Dans quelle mesure ces trois puissances s’opposent-elles et dans quelle mesure peuvent-elles coopérer? À travers les trois parties, les auteurs démontrent que les trois pôles du triangle se retrouvent dans la même position que les puissances conservatrices du XIXe siècle face à la montée des révolutions libérales. Russie, Chine et États-Unis se préoccupent davantage de stabilité que de justice pour prospérer. Albert Legault montre en quoi la Russie est farouche et défensive mais, en même temps, pragmatique. Pour ce faire, il analyse les doctrines de sécurité russes, la situation énergétique du pays, ses déséquilibres commerciaux et ses dépendances énergétiques. Il apporte deux coups de projecteur très significatifs sur la Tchétchénie et sur la Géorgie. De son côté, Frédéric Bastien aborde une Amérique messianique mais inquiète. Il scrute la politique étrangère américaine au XXe siècle, puis il étudie la politique de sécurité nationale sous Bill Clinton avant de diagnostiquer le changement de doctrine avec George Bush après le 11 septembre 2001. Enfin, André Laliberté s’attarde sur une Chine montante et assurée. Il montre quels sont les éléments constitutifs de la doctrine de sécurité chinoise. Il observe la situation énergétique de ce pays, ainsi que l’influence de l’approvisionnement énergétique sur sa politique étrangère. Une étude de cas est consacrée au Sinkiang et à la lutte anti-terroriste.
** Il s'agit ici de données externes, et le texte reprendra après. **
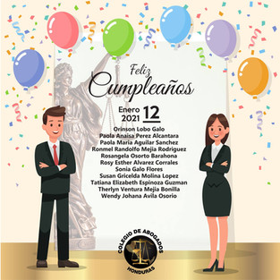 El Colegio de Abogados de Honduras (CAH) se complace en felicitar a todos nuestros agremiados en el día de su cumpleaños. Les deseamos muchas felicidades y que Dios bendiga sus vidas.
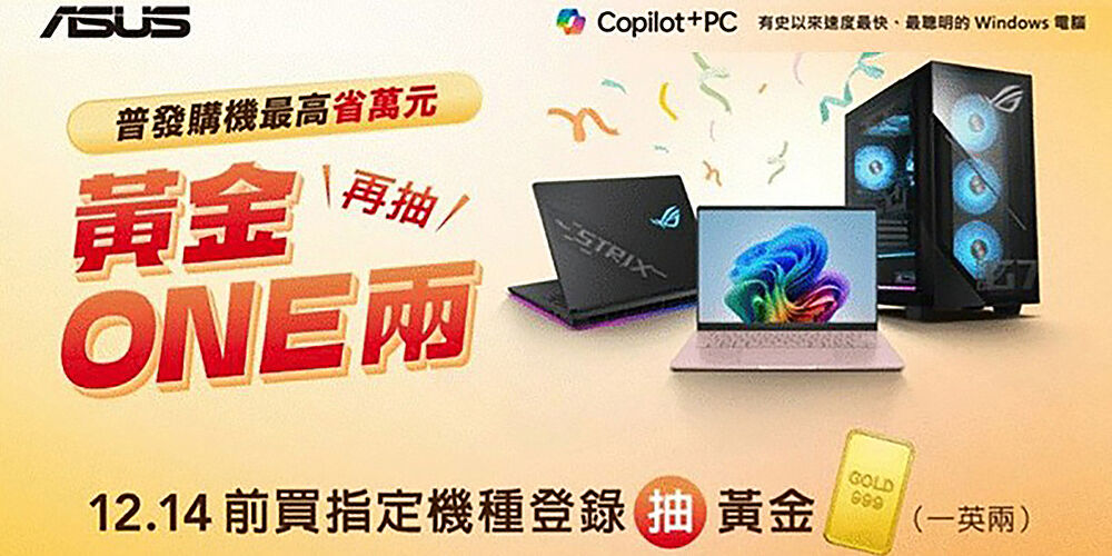 ASUS 普發購機最高省萬元 • 再抽黃金 ONE 兩
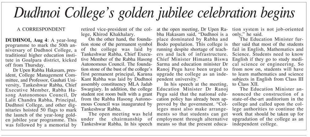 | Keywords: | Golden Jubilee Dudhnoi college |

Plusieurs critiques peuvent être apportées à ce petit livre. Premièrement, dans une vision un peu raccourcie, l’analyse ne porte que sur une sorte de triptyque «sécurité énergétique/lutte anti-terroriste/sécurité nationale». Or les relations entre ces trois pays ne reposent pas uniquement sur ces trois seuls ingrédients. Deuxièmement, l’Union Européenne, le Japon et l’Inde, autres partenaires de poids dans les relations internationales, sont quasiment passés sous silence, ce qui ne laisse pas de surprendre. Troisièmement, l’ouvrage donne une impression de collage de trois parties pratiquement autonomes. En outre, comme le laisse sous-entendre la fin de l’introduction, les trois parties ressemblent à des documents de synthèse et à des rapports d’étape d’un plus vaste projet de recherche. Ce sont tous ces éléments, ainsi que l’absence d’analyse géographique, qui limitent la portée de ce livre pour un lectorat de géographes.